Com ASCOM PN-DST/Aids

As mulheres brasileiras estão antecipando o início da vida sexual e está diminuindo o número de meninas jovens que são virgens. As conclusões são da Pesquisa Nacional de Demografia e Saúde 2006, realizada com recursos do Ministério da Saúde. Os dados mostram que 32,6% das entrevistadas tiveram relações sexuais antes dos 15 anos, índice quase três vezes maior que o registrado em estudo semelhante, realizado em 1996 (11%). Nesses dez anos, o número de mulheres de 15 a 19 anos sem vida sexual ativa caiu de 67,2% para 44,8%.

A pesquisa desenvolvida pelo Centro Brasileiro de Análise e Planejamento (CEBRAP), sob orientação do Instituto Brasileiro de Opinião e Estatística (IBOPE), traça um perfil das mulheres em idade fértil moradoras de áreas urbanas e rurais. Foram entrevistadas 56.365 pessoas, residentes em 14.617 domicílios.

A análise dos números indica que a contracepção e a prevenção das doenças sexualmente transmissíveis e aids são desafios a serem enfrentados desde o início da vida sexual. O estudo revelou, ainda, o aumento do uso do preservativo em mulheres de todas as faixas etárias – passou de 4% (1996) para 12% (2006). Entre as jovens sexualmente ativas de 15 a 19 anos, 66% já haviam usado algum método contraceptivo. Preservativo (33%), pílula (27%) e anticoncepcionais injetáveis (5%) foram os mais utilizados.

Aids cresce em mulheres – A tendência de redução da idade de início da vida sexual em mulheres já havia sido considerada no Plano Integrado de Enfrentamento da Feminização da Epidemia de Aids e outras DST, lançado em março de 2007. Dois fatores básicos levaram à construção do documento: o aumento de 82% no número de casos de aids registrados no sexo feminino, entre 1995 (7.280 casos) e 2005 (13.249); e os cenários de vulnerabilidade das mulheres ao HIV.

De acordo com o Programa Conjunto das Nações Unidas sobre HIV e Aids (UNAIDS), metade dos 33 milhões de infectados pelo HIV em todo mundo são mulheres.

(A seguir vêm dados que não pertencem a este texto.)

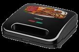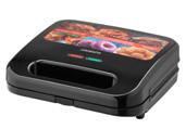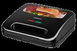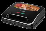 Auto shut-off after 60 min; display with heating temperature indication; heats up to 100 °C in 50 s; lock in closed position; wave height adjustment Dimensions (w × h × d),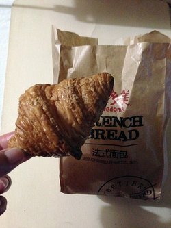 路过古城南路,看见这家面包店,环境不错,因为下午3点多,人不多,看见服务员正在上新烤的面包,牛角现烤的,还热乎着呢。服务员特意拿了纸袋给装的,回家后,尝了一个,很酥松,而且他们做这个牛角还刷了一层薄薄的汤,我觉得不如原味好吃,但是儿子喜欢吃。查看更多
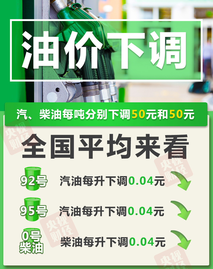 95号汽油每升下调0.04元;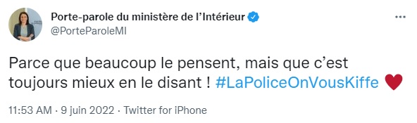 Le poste de télévision de la porte-parole du ministère de l'Intérieur Camille Chaize était peut-être branché sur BFMTV lorsqu'elle a choisi de soutenir la police avec un hashtag, #LaPoliceOnVousKiffe. ASI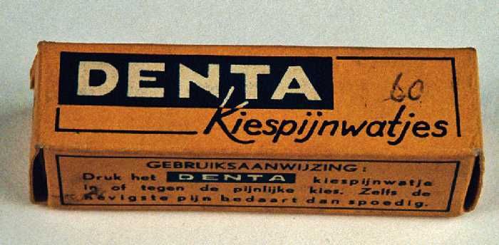 Klein langwerpig doosje, oranje met blauw en wit, me...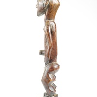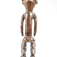 The standing male figure is carved of wood with a dark patina. The head is proportionately larger than the body and topped with a stylized coiffure. Ears have been carved on either side of the head in line with bulging eyes and a centered nose. The mouth is square in juxtaposition with the rounded forms of the other features. Above the eyes on the brow ridge are small holes indicating scarification patterns. Arms reach downward towards thicker, short legs. The abdomen is long and narrow, with carved breasts and male genitalia, along with a protruding navel.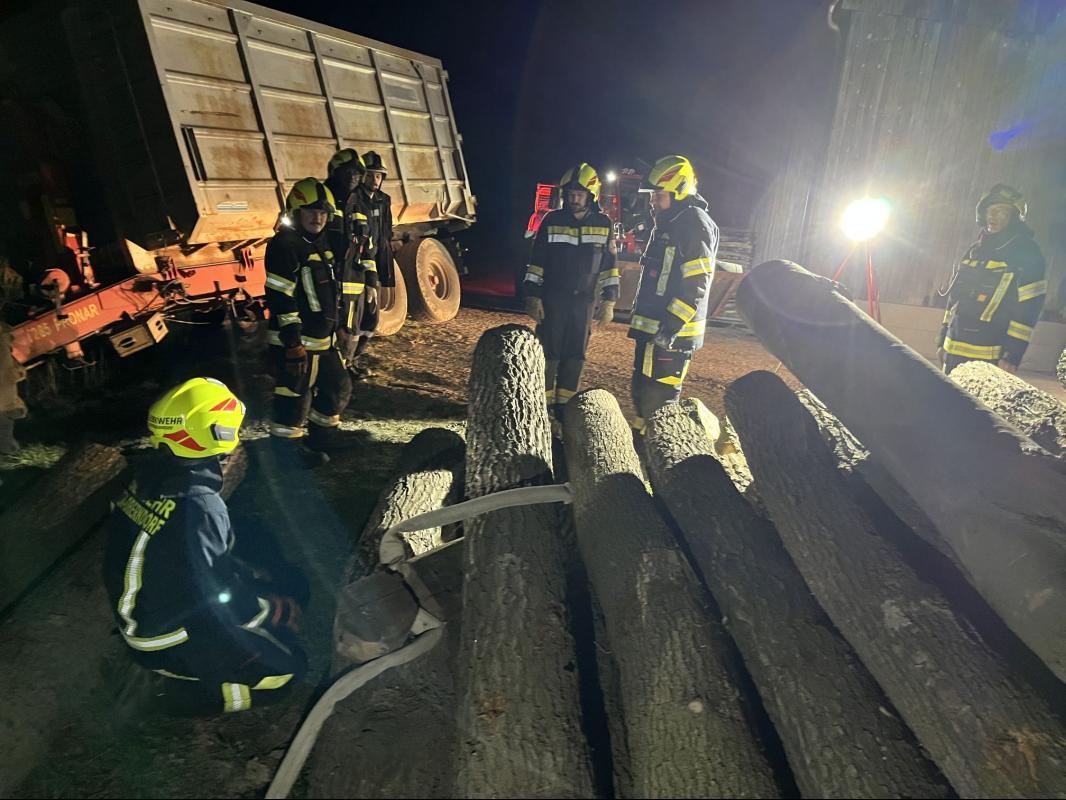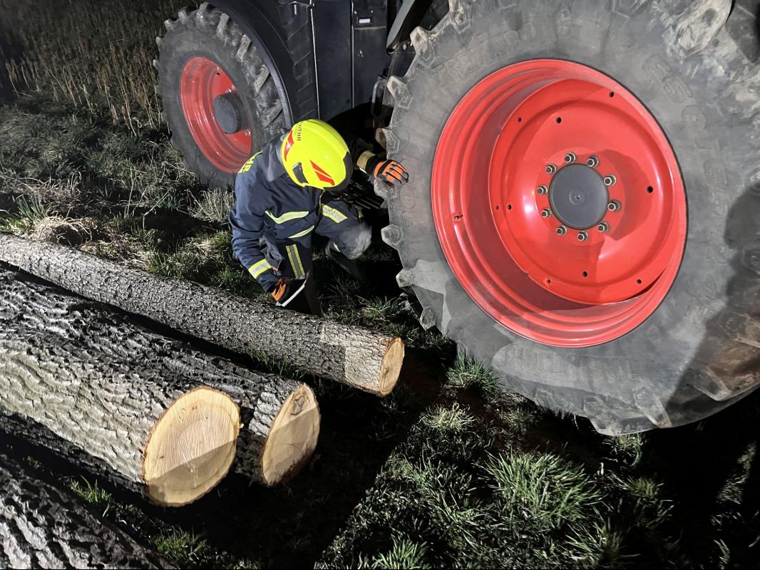 Bei der Monatsübung im März galt es zwei Szenarien zu bewältigen. Einerseits war ein Traktor samt Anhänger von der Fahrbahn abgekommen und drohte umzustürzen, andererseits kam dadurch ein Holzstoß durcheinander, unter dem schlussendlich eine Person eingeklemmt wurde.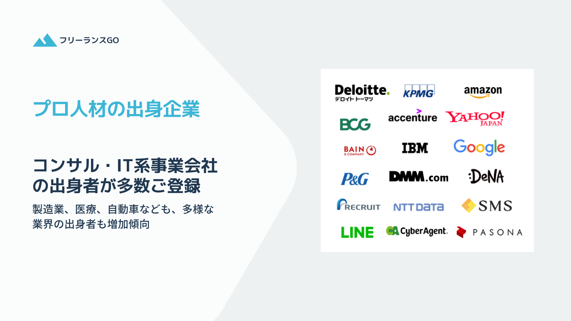 - フリーランスGOで、コンサル/IT系事業会社出身のプロ人材をアサイン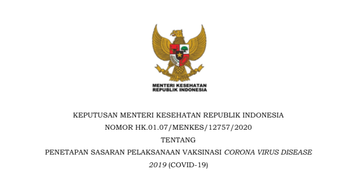 Aturan ini tertuang dalam Keputusan Menteri Kesehatan RI (KMK) Nomor HK.01.07/MENKES/12757/2020 tentang Penetapan Sasaran Pelaksanaan Vaksinasi Corona Virus Disease 2019 (COVID-19), yang ditetapkan oleh Menteri Gunadi Sadikin pada tanggal 28 Desember 2020.
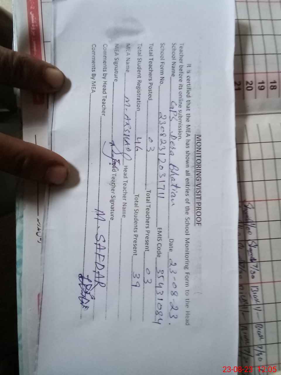 | Attendance Register | Head Teacher | MEA with School | Visit Proof |

Na África, elas representam 60%. Segundo o UNAIDS, a desigualdade de gênero e todas as formas de violência contra as mulheres são fatores determinantes para o crescimento da vulnerabilidade feminina à doença.

Essas desigualdades ficam mais claras nas relações de poder entre homens e mulheres, na menor capacidade que as mulheres têm para negociar o uso do preservativo e tomar as decisões que envolvem a sua vida sexual e reprodutiva, além da violência doméstica e sexual praticada contra mulheres e meninas.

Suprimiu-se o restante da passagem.